Case History: A 73-year-old gentleman with no prior comorbidities, presented with 2-month history of decreased appetite, weight loss and lethargy. He denied experiencing paroxysmal symptoms of headache/sweating/palpitations, abdominal pain, fever, night sweats or chronic cough. Clinically, he was cachexic, dehydrated (blood pressure 98/82 mmHg; heart rate 125 beats per minute) with a vague mass palpable over the right lumbar. There were no palpable lymphadenopathy or features suggestive of Cushing’s syndrome.

Investigations: Biochemical analysis revealed non-parathyroid hormone (PTH) dependent severe hypercalcemia [corrected calcium 3.67 mmol/l (N 2.2-2.6); phosphate 1.13 mmol/l (N 0.78-1.65); PTH 0.1 pmol/l (N 1.4-6.8)] with acute kidney injury [creatinine 157 umol/l (N 54-97); urea 16.3 mmol/l (N 3.2-8.2)], elevated lactate dehydrogenase 941 U/l (N 120-246) and anaemia [haemoglobin 100 g/l (N 130-170); white blood cell 10 × 10⁹/l (N 4-10); platelet 417 × 10⁹/l (N 150-400); iron 3.5 umol/l (N 11.6-31.3); transferrin saturation 10% (N 20-45)]. A random serum cortisol was appropriately elevated for his ill condition, at 1169 nmol/l (N 145-619). 24hour urine metanephrines and 24hour urine cortisol were within normal limits. CT imaging showed bilateral adrenal lesions with heterogenous enhancement. The right lesion (12.4 × 9.0 × 12.6 cm) encased the right renal artery and vein with infiltration of the right kidney while the left lesion measured 4.0 × 4.2 × 4.3 cm.

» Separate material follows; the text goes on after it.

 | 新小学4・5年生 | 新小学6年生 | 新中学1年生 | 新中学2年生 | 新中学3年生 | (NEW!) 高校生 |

Results/Treatment: In addition to saline diuresis, he received subcutaneous (S/C) calcitonin 200 IU TDS for 3 days and a dose of S/C Denosumab 60 mg. He showed marked improvement clinically and biochemically (Table 1). CT-guided adrenal biopsy was performed and histopathology of the biopsy established the diagnosis of diffuse large B-cell lymphoma (DLBCL) with high Ki-67 (>90%). Staging done via FDG PET-CT showed extensive disease involving both supra and infra-diaphragmatic lymph nodes, spleen, lung and brain. Treatment with intravenous dexamethasone and pre-phase cyclophosphamide was initiated. Unfortunately, he succumbed after developing sepsis post-treatment.

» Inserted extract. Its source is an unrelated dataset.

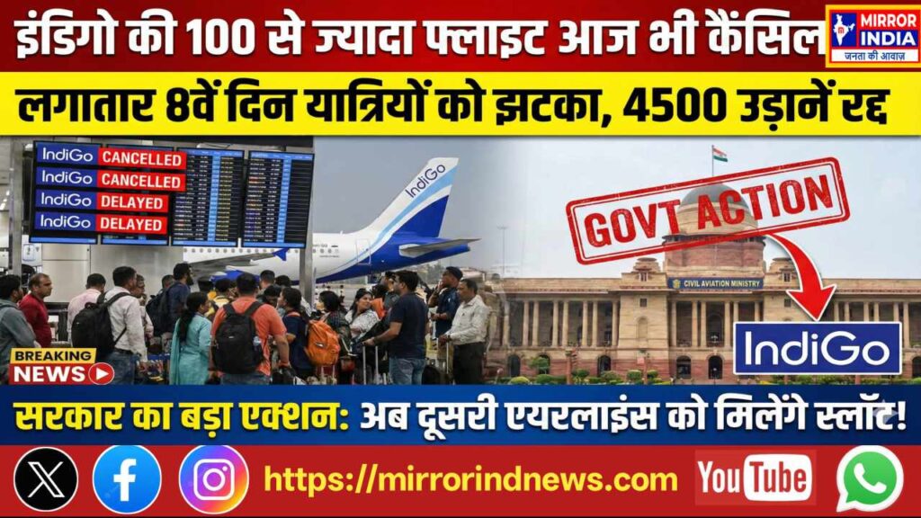 नई दिल्ली : देश की सबसे बड़ी एयरलाइन इंडिगो (IndiGo) का परिचालन संकट थमने का नाम नहीं ले रहा है। लगातार आठवें दिन यात्रियों को भारी परेशानियों का सामना करना पड़ा है। इंडिगो की वेबसाइट के अनुसार, आज (9 दिसंबर) भी 100 से ज्यादा उड़ानें रद्द कर दी गई हैं। इस बीच, लगातार हो रही लापरवाही को देखते हुए केंद्र सरकार अब एक्शन मोड में आ गई है और एयरलाइन के उड़ानों में कटौती करने की चेतावनी दी है।

Conclusion/Discussion Points: This case highlights primary adrenal lymphoma (PAL) as a rare but lethal cause of bilateral adrenal lesions. PAL accounts for <1% of non-Hodgkin lymphomas and CT-guided adrenal biopsy is the gold standard to establish the diagnosis. R-CHOP (Rituximab, Cyclophosphamide, Doxorubicin, Vincristine, Prednisolone) chemotherapy regime remains the mainstay of treatment, though the long-term prognosis remains guarded with reported median survival time of 14 months (based on a study of 136 patients with PAL). Besides hypercalcemia, a more prevalent endocrine complication in these patients is adrenal insufficiency, which requires prompt intervention if present.